主演のエマ・ストーンは15歳からオーディションを受け続けてきたので、この役に共感する部分が多かったという。だから「オーディション(ザ・フールズ・フー・ドリーム)」を熱唱する場面が胸に迫る。それはゴズリングにも監督にも共通することなのではないか。周知の通り、デイミアン・チャゼルは最初にこの映画を撮りたかったが、新人にこれだけの予算を任せる映画会社はなく、自分の実力を証明するために低予算の「セッション」を撮った。その「セッション」、一般的な評価は高かったが、あまりにも主演2人のキャラがバカすぎて僕は褒める気にならなかった。なぜああいう映画になったのか、今にして分かる。チャゼルは2作目と同じ作品になることを避けるために、自分が本当に撮りたかったものを省いて物語を作ったのだろう。「セッション」もまた自分の夢を実現したい男2人の映画ではあったのだ。

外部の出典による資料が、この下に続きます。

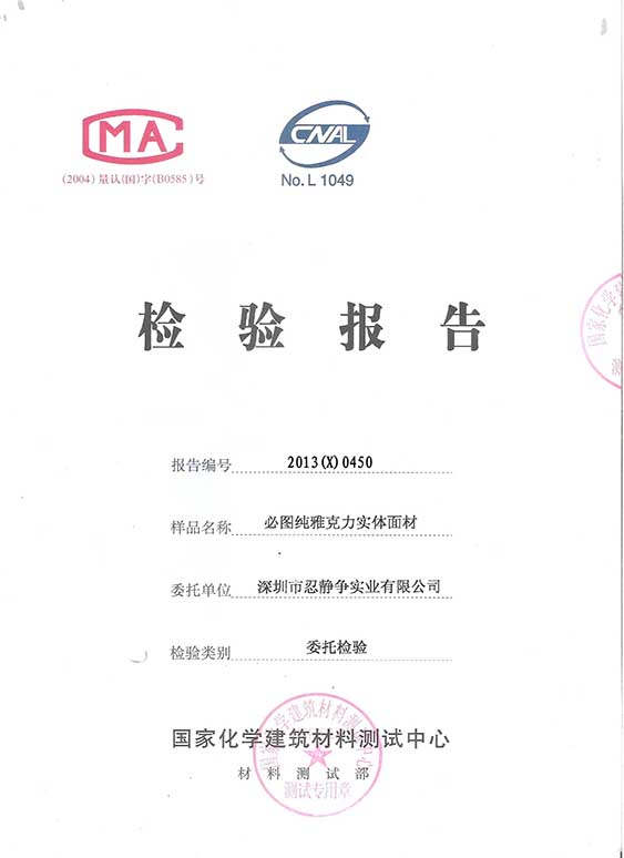 必图纯雅克力检测报告封面
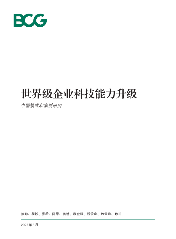 【波士顿咨询公司】【20220301】2022世界级企业科技能力升级-中国模式和案例研究-23页
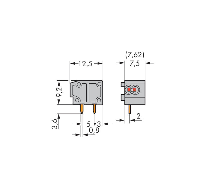 Morsetto per circuito stampato per 2 conduttori sovrapponibile. 0,75 mm2. Passo pin 7,5/7,62 mm. 1 polo. PUSH WIRE®. 0,75 mm2. grigio
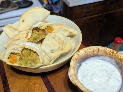 The filling is potatoes, peas, carrots, onion, mustard & cumin seed along with curry powder and granulated garlic.
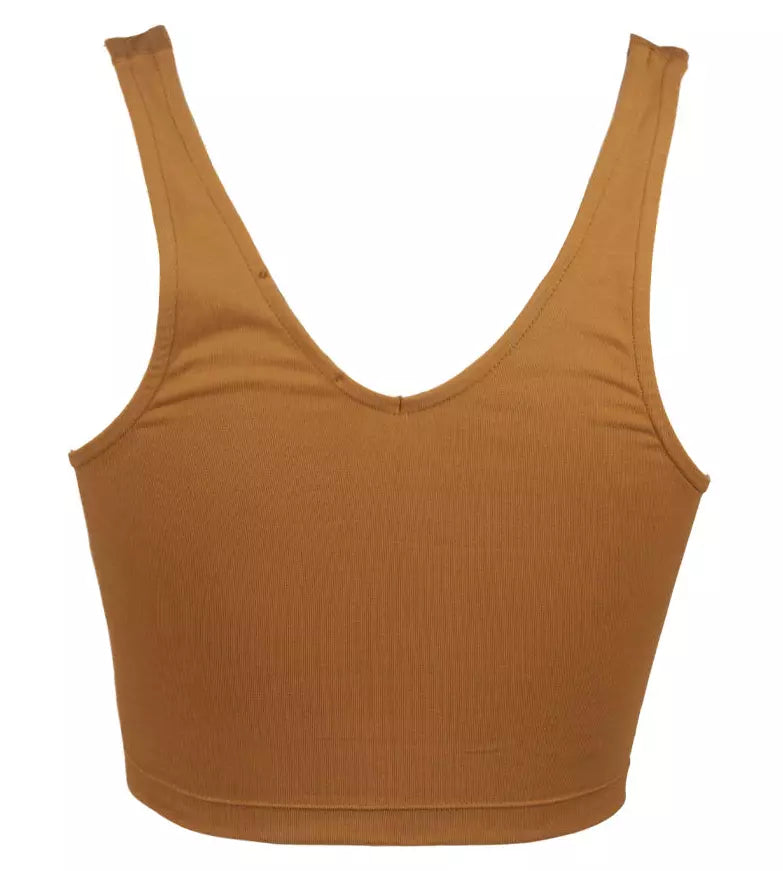 V-Neck Stretch Cotton Top in Brown
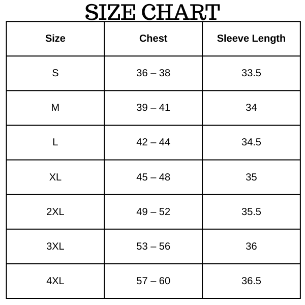 Size Chart (inches):
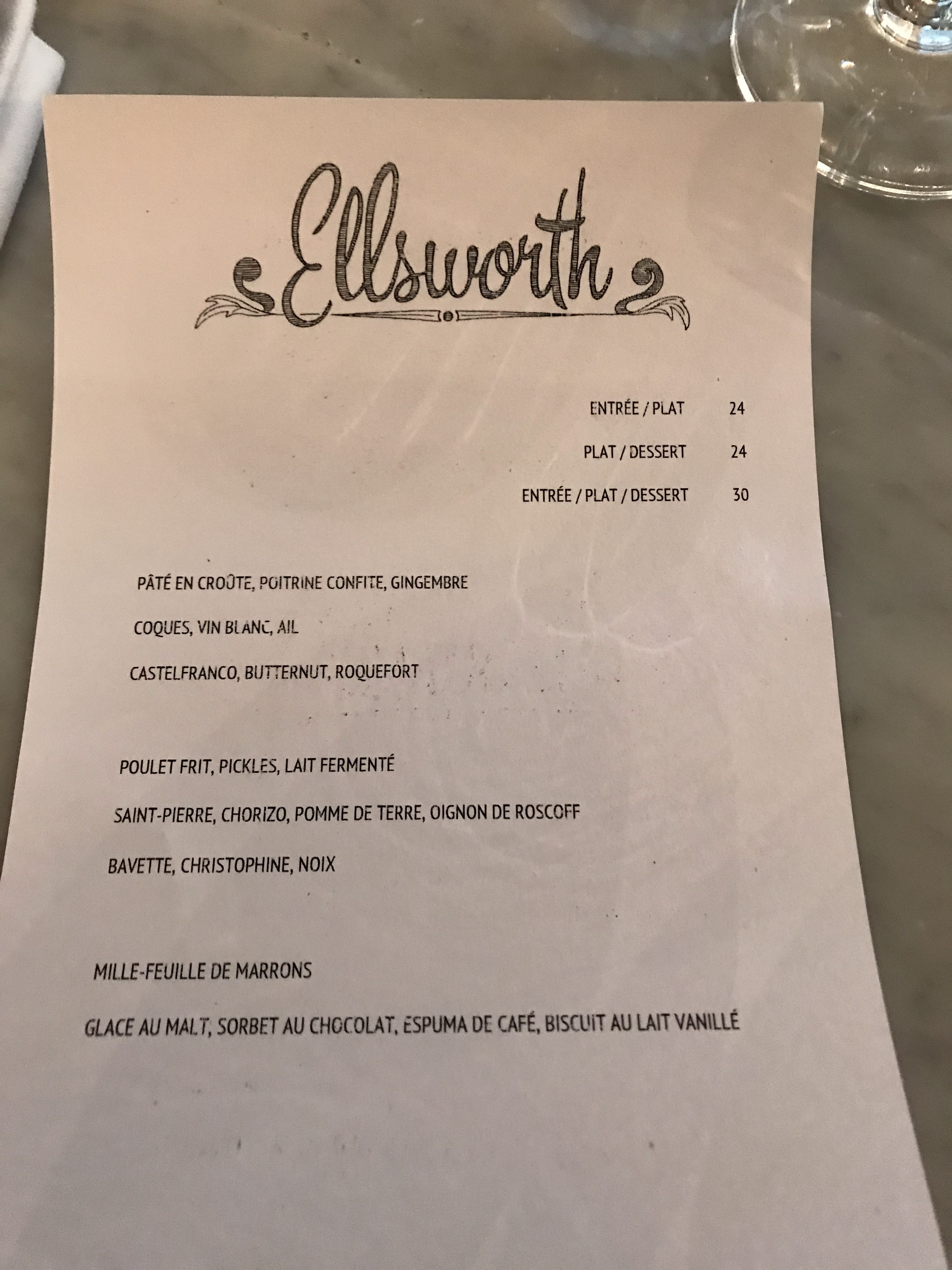 Je suis ravi de retrouver Ellsworth mais peut-être…. Pas la même énergie ni le même niveau d’exécution. Ambiance bizarre un samedi soir. La playlist était du rock des années 70 et 80 et les serveurs étaient comme d'habitude, désintéressés, mais d'une manière ou d'une autre, cela n'a tout simplement pas cliqué comme avant. Le menu est si limité qu’il peut être difficile et les descriptions ne sont pas très utiles pour comprendre ce que vous allez obtenir. Les desserts étaient particulièrement décevants. Peut-être que nos attentes étaient trop élevées et nous reviendrons un jour pour le déjeuner, ce qui est probablement un repas plus approprié pour cet endroit relativement simple.
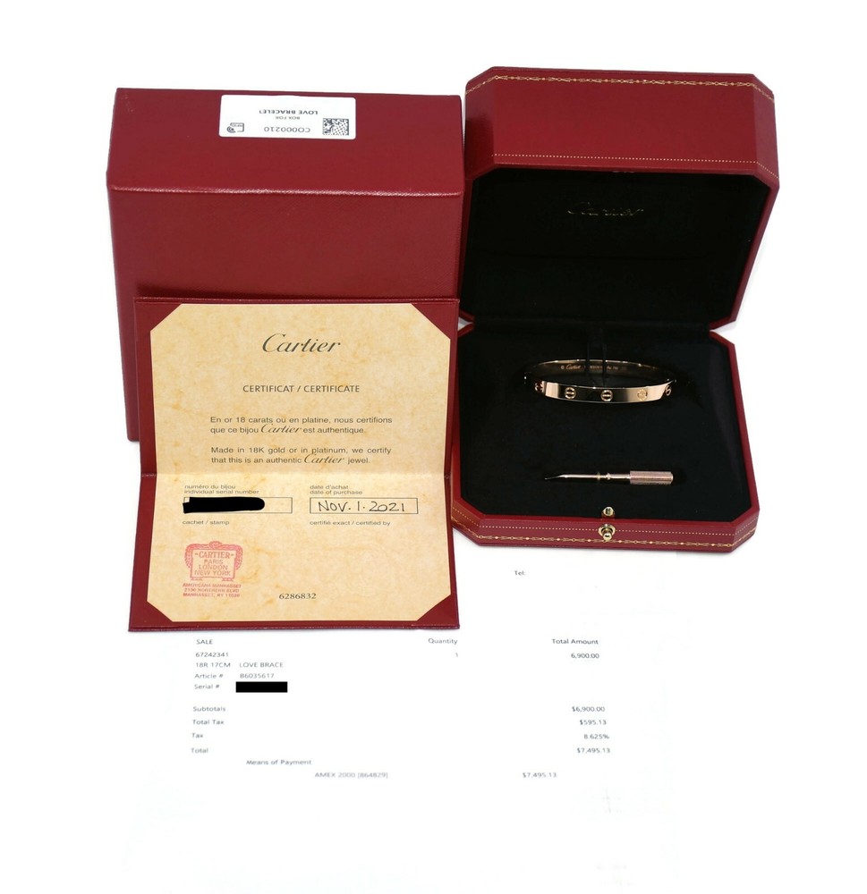 CARTIER 18K ROSE GOLD LOVE BRACELET SIZE:17 SKU:12-24 COMES WITH PURCHASE RECEIPT 100% AUTHENTIC WITH BOX AND CERTIFICATE
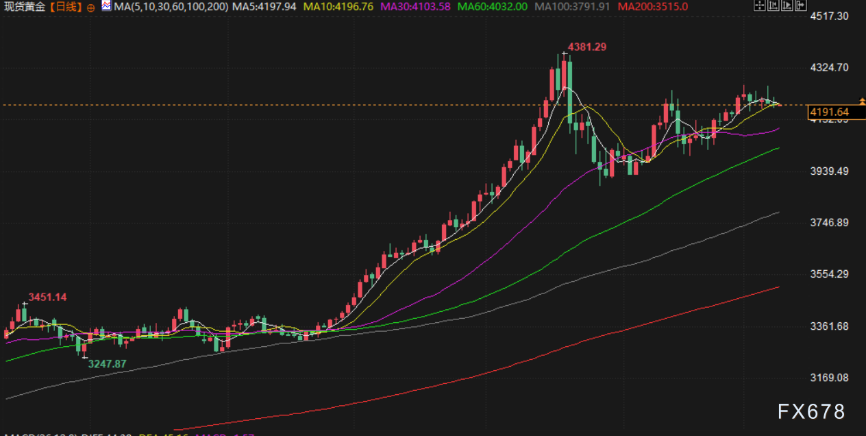 金市金价周一小幅下跌,因投资者在美联储货币政策会议前保持谨慎态度,等待有关未来利率路径的明确信号。现货黄金最终收跌0.2%,报每盎司4189.49美元。

「ラ・ラ・ランド」は何よりもまず今現在、夢に向かって苦闘している人たちへの応援歌になるだろう。そしてかつて夢を追ったことのある人たちもまた熱い共感を持ってこの映画を受け止めるに違いない。すべてがうまく行くわけではないビターな結末だが、これもまたハッピーエンドなのだ。アカデミー賞では監督、主演女優、作曲、歌曲、美術、撮影の6部門を受賞した。